Gasoline prices rise by P1.10/liter; diesel by P1.55/liter


At a glance

  • Based on the pricing advisories of the industry players, the price of gasoline products will rise by P1.10 per liter; while diesel prices will have heftier upward adjustment of P1.55 per liter; and kerosene by P1.40 per liter.


Motorists will be driving to their frustration at the pumps this week as the price of petroleum commodities will be on a new series of big-time price hikes as announced by the oil companies.

Based on the pricing advisories of the industry players, the price of gasoline products will rise by P1.10 per liter; while diesel prices will have heftier upward adjustment of P1.55 per liter.

In parallel, the price of kerosene, which is an essential base for aviation fuel and also a key commodity used by households and other industries, will escalate by P1.40 per liter.

As of this writing, the oil firms that already sent notices on their price hikes effective Tuesday (April 9) had been Shell Pilipinas Corporation, Seaoil Philippines and Cleanfuel; while their competitor-firms are all anticipated to follow suit.

Prior to this round of adjustment, a monitoring report of the Department of Energy (DOE) has shown that price swings since the start of the year already yielded net increases of P8.20 per liter for gasoline; and P4.50 per liter for diesel.

The aggressive climb in prices in the global market last week had been mainly attributed to array of geopolitical events as well as strands of economic growth in ‘super power countries’ that are seen to cause stress on available supply moving forward.

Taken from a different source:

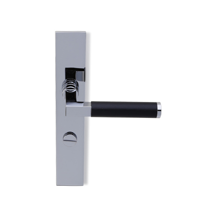 Bekende deurkrukken in Bauhaus stijl. Idem als op haaks blind geveerd schild, maar dan met een toilet/badkamersluiting, afstand midden krukgat tot midden slot, stift 8mm. Wegens het ebbenhout niet geschikt voor buitengebruik.
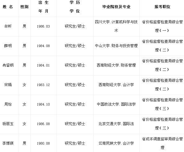 根據中共四川省委組織部、四川省人力資源和社會保障廳、四川省公務員局《關于2013年上半年省直機關和垂管系統公開考試錄用公務員的公告》規定,報考省價格監督檢查局、省成本調查監審局考生牟昕等7名同志經筆試、面試、體檢、考察合格,擬進入錄用程序。現將擬錄用人員情況公示如下:

As of end-week trading on Friday (April 5), international benchmark Brent crude already breached the $91 per barrel territory, hence, that had driven up further the estimated price increases at the pumps this week.

The developments which perturbed market sentiments last week had been reports on the continued output cuts of the Organization of the Petroleum Exporting Countries and ally-producers (OPEC+); as well as fears on probable retaliatory attacks that Iran might launch against Israel.

Further, there are also emerging market worries about added supply strain due to concerns on Mexico’s production decline, that in turn, may result on its lower export to markets.

On the demand front, the main global economic headway which exerted pressure on supply had been the improved manufacturing outcomes logged by China and the United States, two of the world’s biggest end-users of petroleum commodities.